Photos by Luke Burton:


----------



## ukbloke (Sep 1, 2007)

It sounds like you had an entertaining ride. You do appear to be smiling in the picture, though I suppose it could be a grimace! All those guys under 30 minutes on Montebello are just unbelievable. The junior who finished with a time just under 2 hours with an average speed of 2.81 mph must have had an epic ride! Kudos to him for finishing.

I really want to do a low-key event this year. Saturday didn't work out as I was down in San Diego on our family vacation. I'm really hoping to get out for next weekend though. I'll have to start earning some brownie points with ukwife.


----------



## answ (Sep 18, 2009)

This was my first time on a lowkey ride and I was surprised how many people were there. Unfortunately, I started off in the back of the pack and it was annoying to be stuck behind everyone on the earlier slopes. I did manage to redeem myself a bit and finished at 35:33 but I was hoping for a better time. Hopefully better luck on OLH!


----------



## jasonwells4 (Aug 7, 2006)

francois said:


> 50 26 Ben Stern Team Roaring Mouse 30+/Fixed 35:09 9.05 3312 101.04


Any idea what the rear cable is for? The hub looks kind of small to have any internal gears, or brake... Maybe he just removed his rear brake for this event and left the cable...


----------



## ukbloke (Sep 1, 2007)

jasonwells4 said:


> Maybe he just removed his rear brake for this event and left the cable...

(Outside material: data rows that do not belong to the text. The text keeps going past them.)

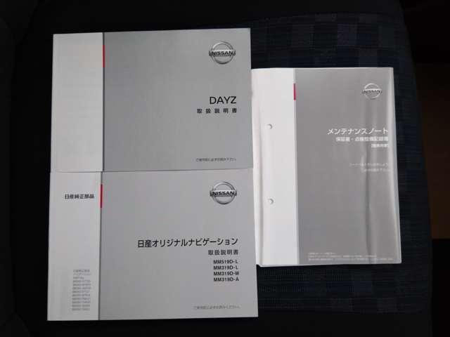 取り扱い説明書、保証書そろっています。おクルマの点検整備や保証内容がきちんと記録されているから安心です。
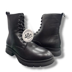 Bota estilo militar track en piel con plataforma doble goma antideslizante. Cierre acordonado y cremallera en lado interno.
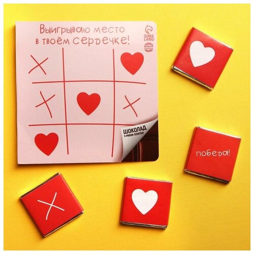 Молочный шоколад «Выигрываю место в твоём сердечке» открытка 4 шт. х 5 г.
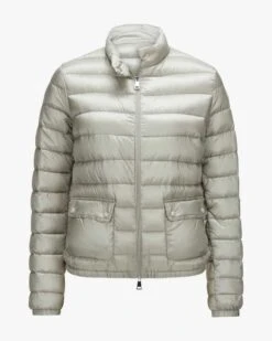 Lans Daunenjacke für Damen von Moncler in Hellgrau. Das antaillierte Modell
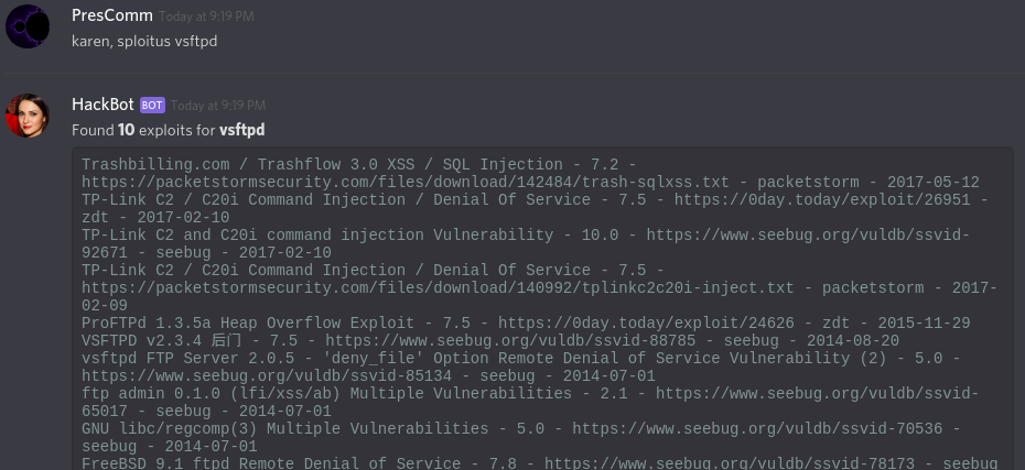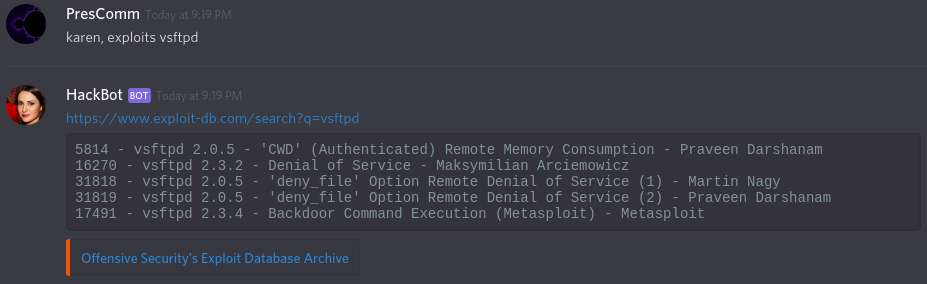 Since we can't really proceed any further with web services, let's revisit FTP. You may have noticed in the earlier screenshot that a particular FTP server application and version number were discovered by Nmap. If you're on Kali, we can run those through searchsploit. If you're a 0x00sec VIP member, you can have Karen take a look for you via Discord:
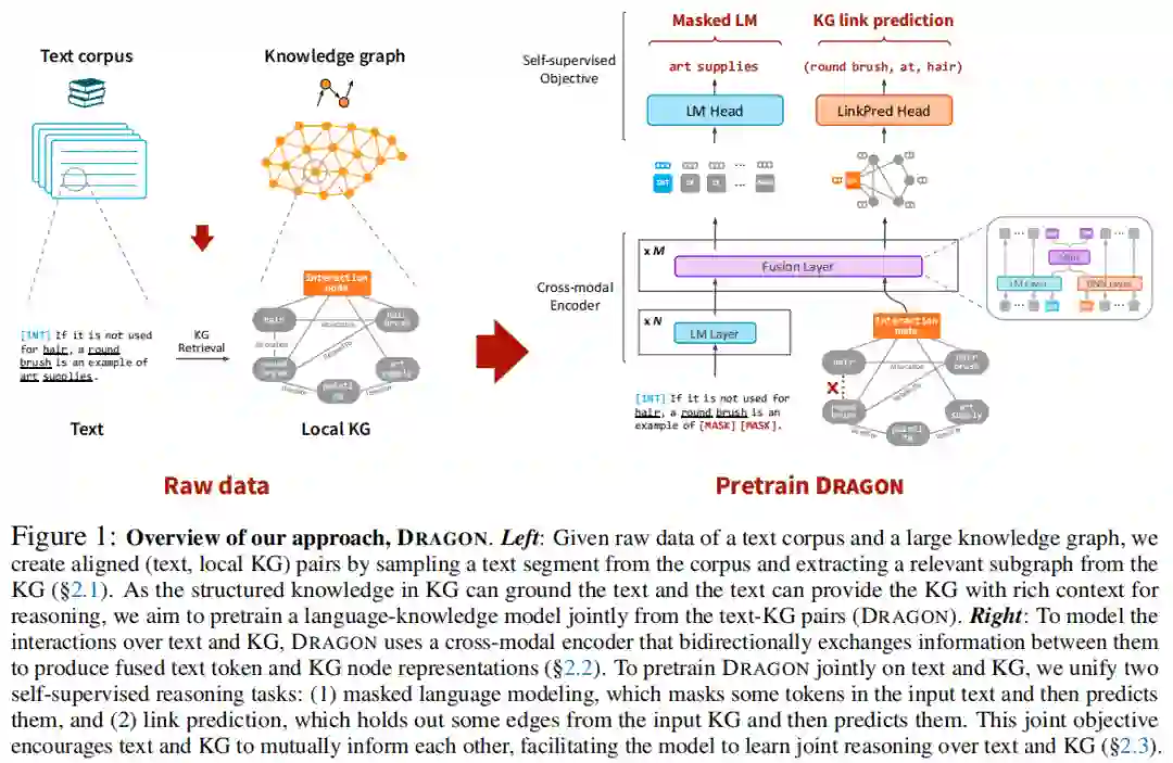 作者提出DRAGON,一种对文本和KG的语言知识模型进行深度双向、自监督的预训练的方法。具体来说,如图1所示,作者将一个文本语料库和一个大型知识图作为原始数据,并通过抽样粗对齐(文本段,局部KG)对(§2.1)为模型创建输入实例。为了学习文本和KG的相互作用,DRAGON由一个双向融合输入文本-KG对的跨模态编码器(GreaseLM)和一个对文本-KG输入进行双向自监督的预训练目标(§2.3)组成。作者的预训练目标将掩蔽语言建模(MLM)和KG链接预测(LinkPred)相结合,使文本和KG相互通知,并学习联合推理。最后,作者描述了如何为下游任务调整预先训练的DRAGON模型。虽然作者方法的每个单独部分(GreaseLM, MLM, LinkPred)本身并不新鲜,但作者是第一个将它们有效地结合在一起的人,并证明了所得到的模型具有强大的经验结果。

I'm pretty sure that's it. He has both levers and cables installed, but just the front brake. With this set-up it would be easy to add the rear brake back in for other rides. I can't imagine cycling up Montebello with a fixed gear - if you gear down for the steep parts, you get screwed on the flat part, and vica versa.


----------



## SystemShock (Jun 14, 2008)

That fixie guy is pretty impressive... finishing midpack on a fairly tough climb like that.

Wonder how he would've done w/gears.
.


----------



## HammerTime-TheOriginal (Mar 29, 2006)

Did he ride the fixie back down that son of a *****? Now that would be impressive , or stupid, or whatever.


----------



## alunlang (Jul 1, 2009)

Riding a fixie is not that hard!! :mad2: You are a wish machine, wish something and do it! it is that easy.dont be afraid of a bike and your ability.:thumbsup:


----------



## Francis Cebedo (Aug 1, 2001)

HammerTime-TheOriginal said:


> Did he ride the fixie back down that son of a *****? Now that would be impressive , or stupid, or whatever.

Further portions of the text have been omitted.